[TASK BRIEF] Copy out exactly the stretch below, from the line with "The subcarrier CID" through the line with "Charles B. Wade Invests", both included; the pictures stay out.

[DATA FOR THIS TASK]
+++

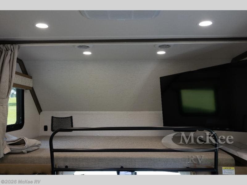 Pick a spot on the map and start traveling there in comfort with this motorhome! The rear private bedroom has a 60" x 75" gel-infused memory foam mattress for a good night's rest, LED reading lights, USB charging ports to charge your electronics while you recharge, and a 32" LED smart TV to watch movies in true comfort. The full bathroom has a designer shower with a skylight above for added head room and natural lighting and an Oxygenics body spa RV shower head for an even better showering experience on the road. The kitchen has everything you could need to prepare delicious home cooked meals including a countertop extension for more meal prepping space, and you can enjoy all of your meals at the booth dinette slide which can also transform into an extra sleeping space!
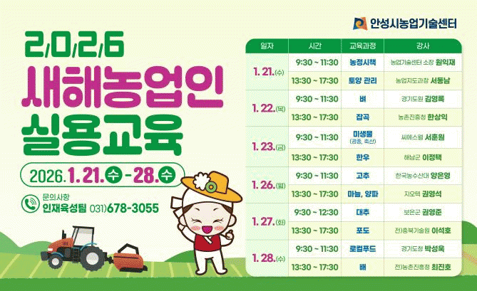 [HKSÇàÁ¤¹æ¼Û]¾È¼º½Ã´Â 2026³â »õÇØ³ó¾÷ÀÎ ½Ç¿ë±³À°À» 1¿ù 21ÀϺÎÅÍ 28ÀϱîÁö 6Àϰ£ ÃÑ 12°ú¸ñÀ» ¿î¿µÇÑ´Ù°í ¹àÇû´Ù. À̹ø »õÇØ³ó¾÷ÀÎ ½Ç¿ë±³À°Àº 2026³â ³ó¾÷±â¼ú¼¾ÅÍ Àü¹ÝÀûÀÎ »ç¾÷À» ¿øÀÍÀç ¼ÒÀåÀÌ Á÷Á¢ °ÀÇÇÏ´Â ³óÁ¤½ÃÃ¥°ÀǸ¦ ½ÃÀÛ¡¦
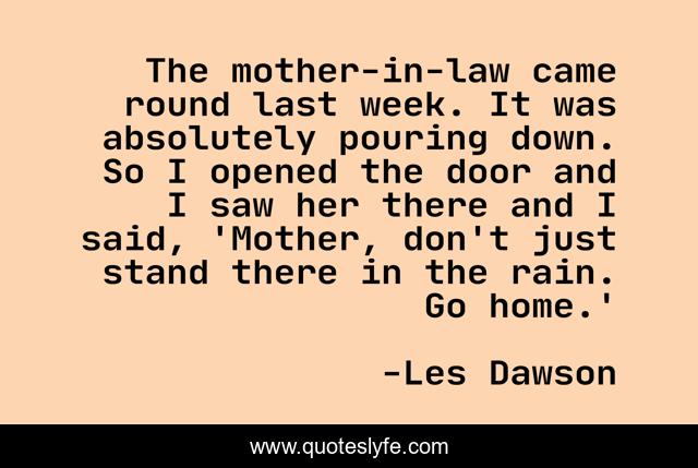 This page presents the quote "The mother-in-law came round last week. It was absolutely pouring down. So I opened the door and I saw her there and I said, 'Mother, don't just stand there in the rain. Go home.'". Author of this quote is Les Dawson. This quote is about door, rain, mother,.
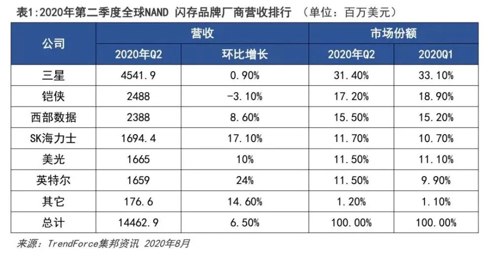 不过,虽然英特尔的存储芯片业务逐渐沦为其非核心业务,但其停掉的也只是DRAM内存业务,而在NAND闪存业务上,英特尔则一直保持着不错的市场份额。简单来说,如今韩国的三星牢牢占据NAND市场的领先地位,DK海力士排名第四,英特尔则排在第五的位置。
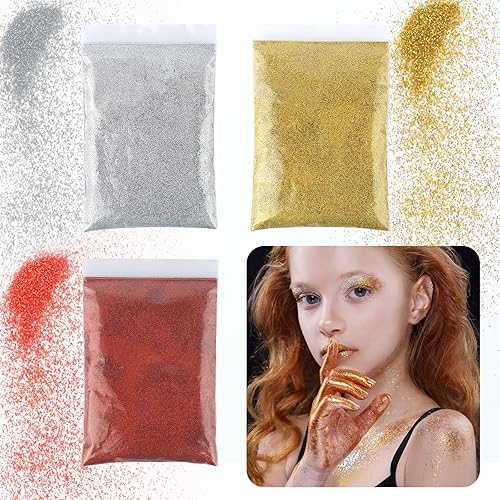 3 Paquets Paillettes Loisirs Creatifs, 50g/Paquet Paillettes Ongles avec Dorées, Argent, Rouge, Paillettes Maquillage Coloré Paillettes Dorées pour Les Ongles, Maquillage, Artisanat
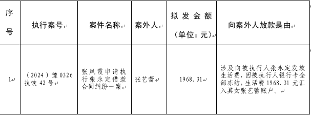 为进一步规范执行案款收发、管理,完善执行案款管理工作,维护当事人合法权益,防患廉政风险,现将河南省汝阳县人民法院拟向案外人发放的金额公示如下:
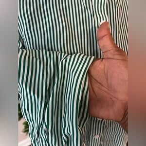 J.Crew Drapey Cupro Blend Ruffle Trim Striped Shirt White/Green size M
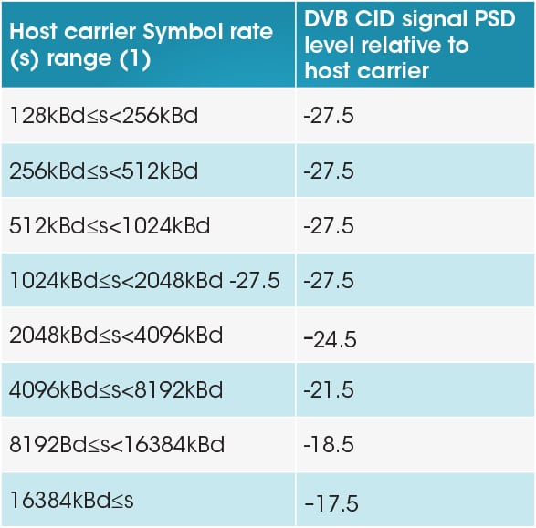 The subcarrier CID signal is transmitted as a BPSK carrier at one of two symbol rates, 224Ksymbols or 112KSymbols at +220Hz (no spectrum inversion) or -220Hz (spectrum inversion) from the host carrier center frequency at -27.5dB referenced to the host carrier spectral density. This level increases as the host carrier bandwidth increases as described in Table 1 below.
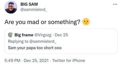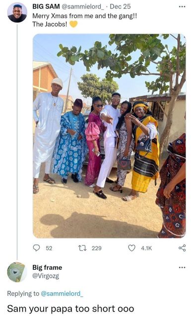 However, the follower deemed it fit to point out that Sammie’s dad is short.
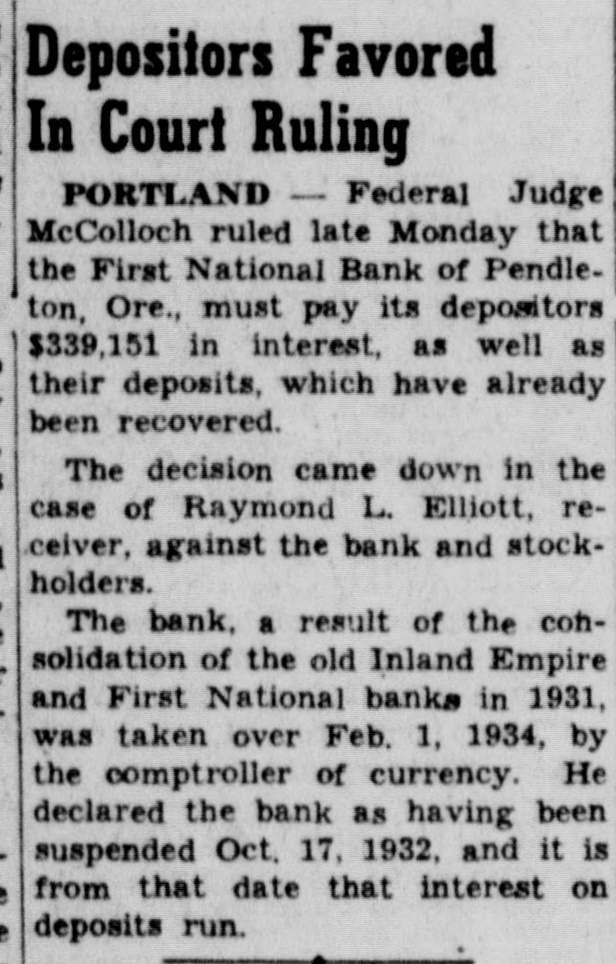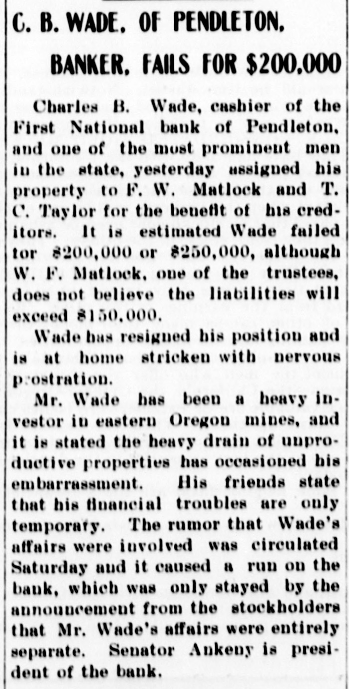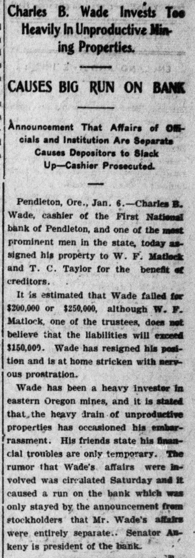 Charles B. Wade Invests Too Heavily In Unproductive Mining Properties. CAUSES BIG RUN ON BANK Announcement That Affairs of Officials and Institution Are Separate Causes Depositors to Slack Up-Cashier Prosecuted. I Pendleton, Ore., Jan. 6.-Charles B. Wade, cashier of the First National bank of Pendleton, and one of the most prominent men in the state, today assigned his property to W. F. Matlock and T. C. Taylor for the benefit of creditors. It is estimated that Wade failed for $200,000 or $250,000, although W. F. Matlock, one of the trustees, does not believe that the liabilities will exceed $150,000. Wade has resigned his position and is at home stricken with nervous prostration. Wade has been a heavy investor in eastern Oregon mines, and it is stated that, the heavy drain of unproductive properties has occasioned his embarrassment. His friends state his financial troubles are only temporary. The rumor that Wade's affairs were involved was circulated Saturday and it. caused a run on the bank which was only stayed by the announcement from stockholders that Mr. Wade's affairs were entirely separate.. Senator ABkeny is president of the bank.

+++

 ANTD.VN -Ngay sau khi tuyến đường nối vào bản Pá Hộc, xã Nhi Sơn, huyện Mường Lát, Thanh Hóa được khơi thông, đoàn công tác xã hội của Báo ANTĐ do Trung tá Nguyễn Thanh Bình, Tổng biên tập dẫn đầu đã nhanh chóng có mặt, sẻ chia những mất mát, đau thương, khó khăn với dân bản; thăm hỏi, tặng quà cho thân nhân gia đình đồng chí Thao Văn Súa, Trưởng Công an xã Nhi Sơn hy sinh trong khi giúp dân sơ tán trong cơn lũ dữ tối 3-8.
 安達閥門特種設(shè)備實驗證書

+++

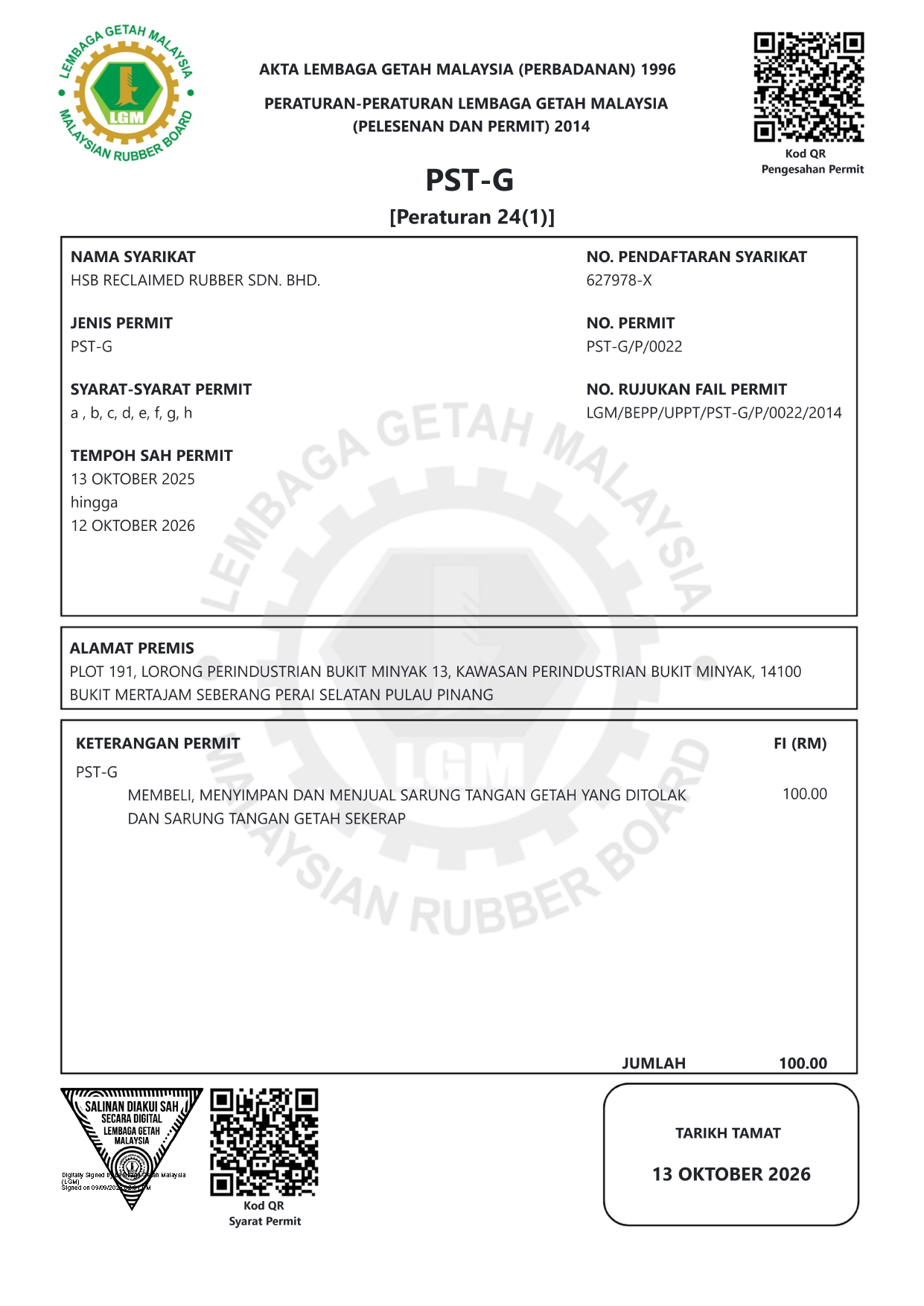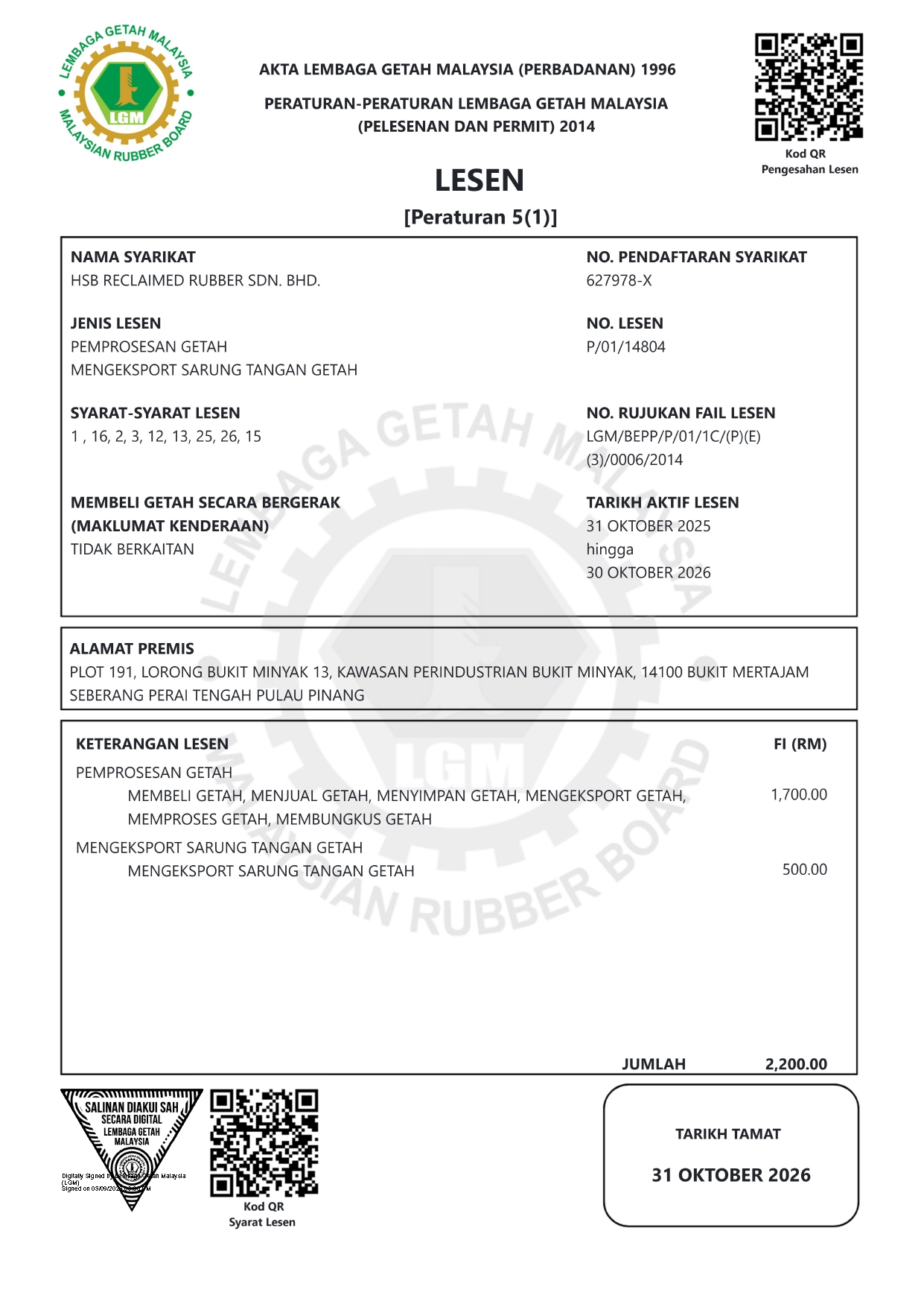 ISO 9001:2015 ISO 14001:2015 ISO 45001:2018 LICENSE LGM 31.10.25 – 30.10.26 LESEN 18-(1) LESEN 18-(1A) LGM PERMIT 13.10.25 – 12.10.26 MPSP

+++

[RESULT]
 The subcarrier CID signal is transmitted as a BPSK carrier at one of two symbol rates, 224Ksymbols or 112KSymbols at +220Hz (no spectrum inversion) or -220Hz (spectrum inversion) from the host carrier center frequency at -27.5dB referenced to the host carrier spectral density. This level increases as the host carrier bandwidth increases as described in Table 1 below.
 However, the follower deemed it fit to point out that Sammie’s dad is short.
 Charles B. Wade Invests Too Heavily In Unproductive Mining Properties. CAUSES BIG RUN ON BANK Announcement That Affairs of Officials and Institution Are Separate Causes Depositors to Slack Up-Cashier Prosecuted. I Pendleton, Ore., Jan. 6.-Charles B. Wade, cashier of the First National bank of Pendleton, and one of the most prominent men in the state, today assigned his property to W. F. Matlock and T. C. Taylor for the benefit of creditors. It is estimated that Wade failed for $200,000 or $250,000, although W. F. Matlock, one of the trustees, does not believe that the liabilities will exceed $150,000. Wade has resigned his position and is at home stricken with nervous prostration. Wade has been a heavy investor in eastern Oregon mines, and it is stated that, the heavy drain of unproductive properties has occasioned his embarrassment. His friends state his financial troubles are only temporary. The rumor that Wade's affairs were involved was circulated Saturday and it. caused a run on the bank which was only stayed by the announcement from stockholders that Mr. Wade's affairs were entirely separate.. Senator ABkeny is president of the bank.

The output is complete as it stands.